What a neuron actually does
Strip away everything and a single artificial neuron does four things. It takes one or more numbers as input. It multiplies each input by a weight — a number that says how important that input is. It adds all those results together, plus a bias value. Then it passes the result through an activation function, which decides what signal to send forward.
That is it. Input × weight, sum, activation. A function.
Here is a concrete example. Imagine a neuron trying to help predict whether a house will sell above asking price. Its inputs might be: square footage, number of bedrooms, and proximity to a school. Each input gets a weight reflecting its importance — proximity to a school might carry more weight than an extra bedroom. The neuron sums the weighted inputs and passes the result through an activation function, which produces the output signal.
💡 Note
What the activation function does — Without it, the network is just a chain of multiplications — which collapses into a single linear equation, no matter how many layers you stack. The activation function introduces non-linearity, which is what lets the network learn complex, real-world patterns that a straight line could never capture.
How layers build understanding
One neuron is almost useless on its own. The power comes from connecting thousands of them in layers.
Every neural network has three types of layers. The input layer receives the raw data — pixel values for an image, token embeddings for text, numerical values for a spreadsheet. The hidden layers do the work. The output layer produces the final result — a classification, a probability, a generated token.
What makes layers interesting is what each one learns. In an image recognition network, the first hidden layer learns to detect edges — basic lines and contrasts. The next layer combines those edges into shapes, and the layer after that turns shapes into objects.

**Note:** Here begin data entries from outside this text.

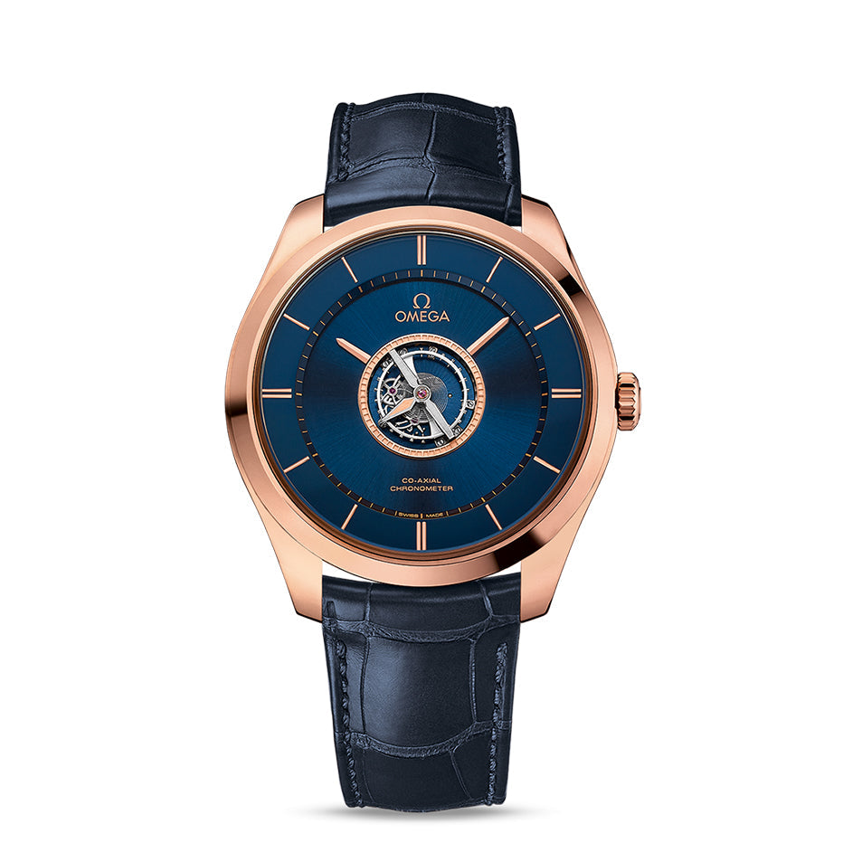 Presented on blue leather strap with an 18K Sedna™ gold clasp, the outstanding chronometric performance is achieved through OMEGA’s exclusive calibre 2638.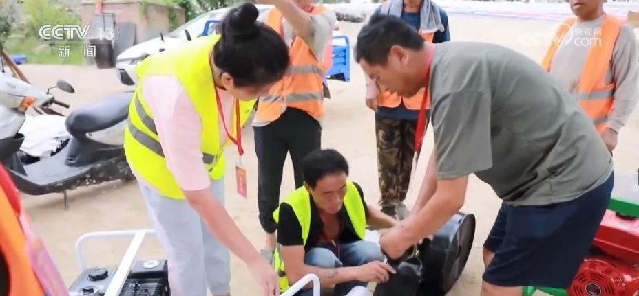 村里有5個蓄水坑,郭義停緊急協(xié)調(diào)多臺排水設(shè)備,將蓄水坑排空,分擔降雨壓力。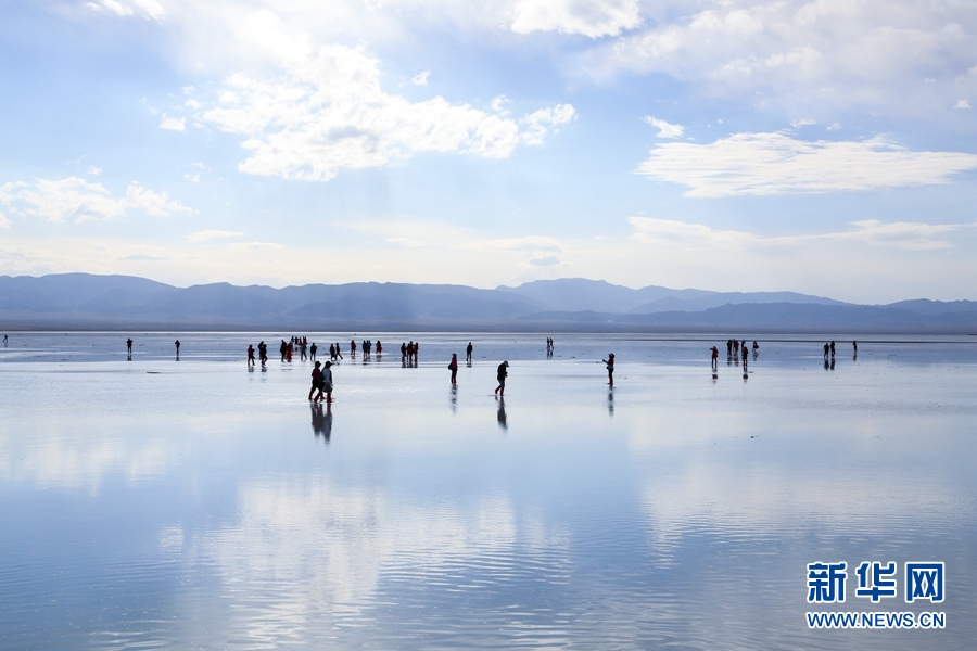 游客在茶卡鹽湖“天空之鏡”景區(qū)漫步。新華網(wǎng) 卡婭梅朵 攝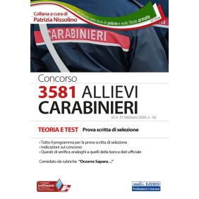 Il volume è indirizzato a quanti intendono partecipare al concorso per 3581 Allievi Carabinieri indetto dal Ministero della Difesa (G.U. 25 febbraio 2020, n. 16), aperto anche ai civili. Il testo è articolato in parti. Nella prima parte, fornisce indicazioni sulla storia dell'Arma, sulla figura professionale del Carabiniere e sulle prove che ciascun concorrente dovrà affrontare partecipando al concorso. Nella seconda parte, il volume sviluppa il programma d'esame previsto dal bando per la prova scritta di selezione, che consiste nella risoluzione di quesiti a risposta multipla su argomenti di cultura generale (italiano, attualità, storia, geografia, matematica, Costituzione e cittadinanza italiana, scienze), storia e struttura ordinativa dell'Arma, comprensione di un testo scritto e logica deduttiva (ragionamento numerico e capacità verbale), informatica (conoscenze delle apparecchiature e delle applicazioni informatiche più diffuse), lingua straniera. Nella terza parte, il volume fornisce tre esercitazioni che permettono di esercitarsi in vista della prova scritta di selezione.

By the final hidden layers, the network is recognising faces, cars, and cats — not because anyone told it to, but because that is what emerged from training on millions of images.
📌 The key insight
Nobody programmes the features. Nobody tells the network “look for ears in this layer.” The network finds the features itself, through training. This is what makes neural networks different from every AI approach that came before — the representation is learned, not designed.
How a network learns — weights and training
Before training, a network’s weights are set randomly. It makes predictions — and they are terrible. Training is the process of making them less terrible, systematically.
Here is how one training cycle works. The network takes a labelled example — say, an image of a cat with the label “cat” — and passes it forward through every layer. That is the forward pass: data in, prediction out.
That prediction is compared to the correct answer. The difference is measured as a loss — a single number representing how wrong the network was.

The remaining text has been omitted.